Zellen im Schockfrost
ERC-Grant für TU-Professor Thomas Burg
Im Zentrum des Projekts „Cryo-iLM: A High-NA Cryoimmersion Microscopy Platform for Nanometre Imaging“ steht die Entwicklung neuer Technologien, um die Funktion von Zellen und krankhaften Veränderungen mithilfe modernster Mikroskopie hochauflösend zu untersuchen. Das Besondere ist, dass hierfür ganz unterschiedliche Disziplinen – von Mikroskopie über Mikrosystemtechnik bis hin zur Kryotechnologie – miteinander verknüpft werden.

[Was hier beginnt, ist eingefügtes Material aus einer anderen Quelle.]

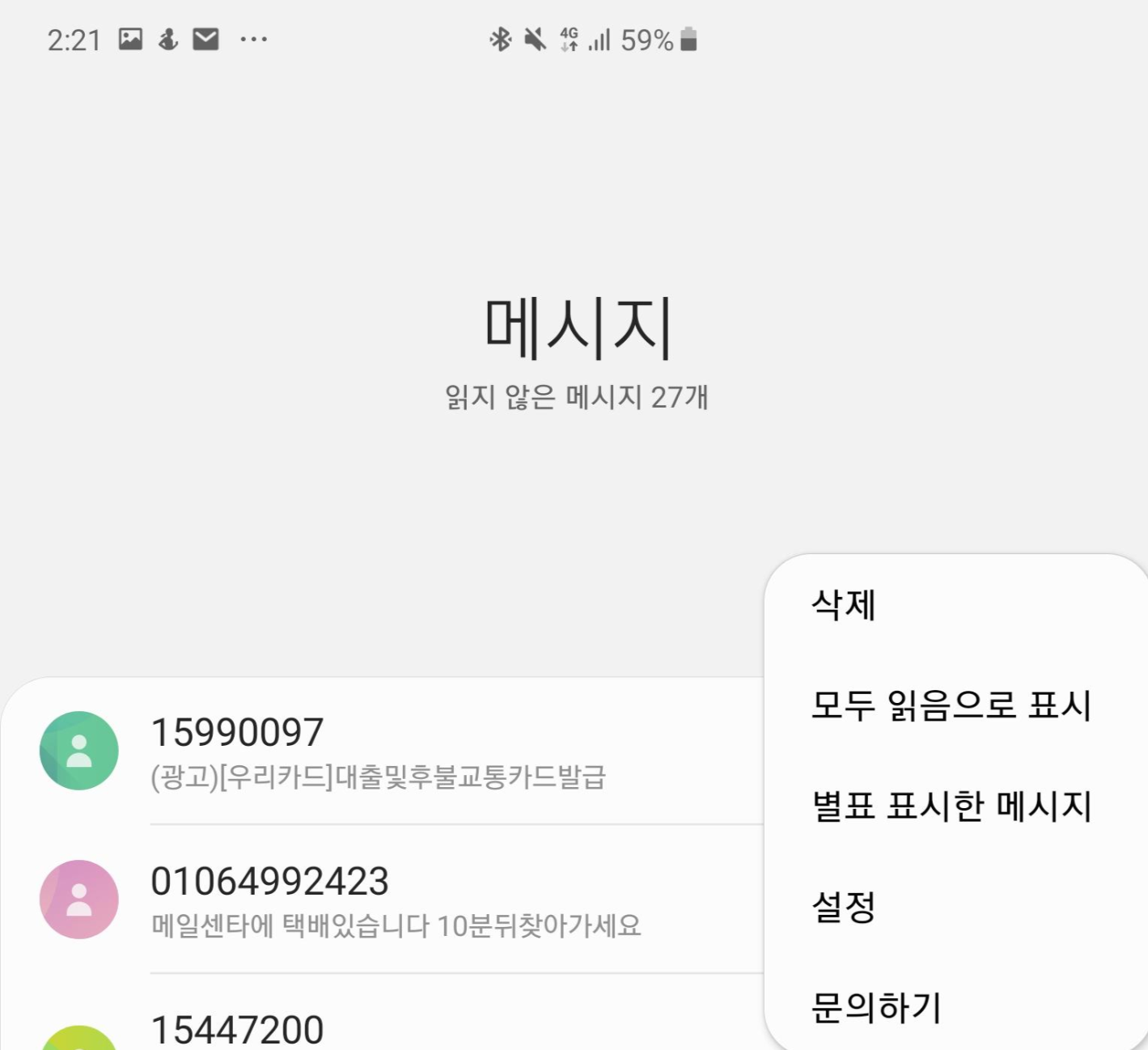 2. 우측에 보이는 "점점점" 을 누르고 메시지 어플 설정으로 들어갑니다.

Der entscheidende Effekt: Durch blitzschnelles Einfrieren werden Zellen hervorragend erhalten und schnell ablaufende Prozesse in Sekundenbruchteilen konserviert. Somit können sie genauestens unter die Lupe genommen werden. Lange bestand jedoch die Herausforderung, dass moderne Lichtmikroskope unter Tieftemperaturbedingungen nur eingeschränkt leistungsfähig waren. Im ebenfalls ERC-geförderten Projekt „MICROCRYO“ konnten Burg und seine Mitarbeiter dieses Problem lösen. Mit hoher Auflösung lässt sich so abbilden, was sonst nur eingeschränkt sichtbar ist. „Cryo-iLM“ baut darauf auf, um die Marktfähigkeit sowie das kommerzielle und gesellschaftliche Potenzial der Forschungsidee zu prüfen.
Neue Wege in der Krankheitsforschung
Die geplante Plattform ermöglicht erstmals die Nutzung leistungsstarker Immersionsoptik bei Temperaturen bis zu minus 140 Grad. Ähnlich wie beim Blick mit einer Unterwasserkamera gleicht der direkte Kontakt über ein indexangepasstes – also optisch perfekt abgestimmtes – Medium Unebenheiten aus, eliminiert Verzerrungen und ermöglicht einen dramatischen Gewinn an Bildqualität. „Bei so tiefen Temperaturen eröffnen sich in der Lichtmikroskopie ganz neue Chancen, weil die Proben sehr lange stabil bleiben und schwache Signale dadurch überhaupt erst sichtbar werden“, erklärt Dr.-Ing. Niko Faul, der die neue Technologie gemeinsam mit Burg erforscht.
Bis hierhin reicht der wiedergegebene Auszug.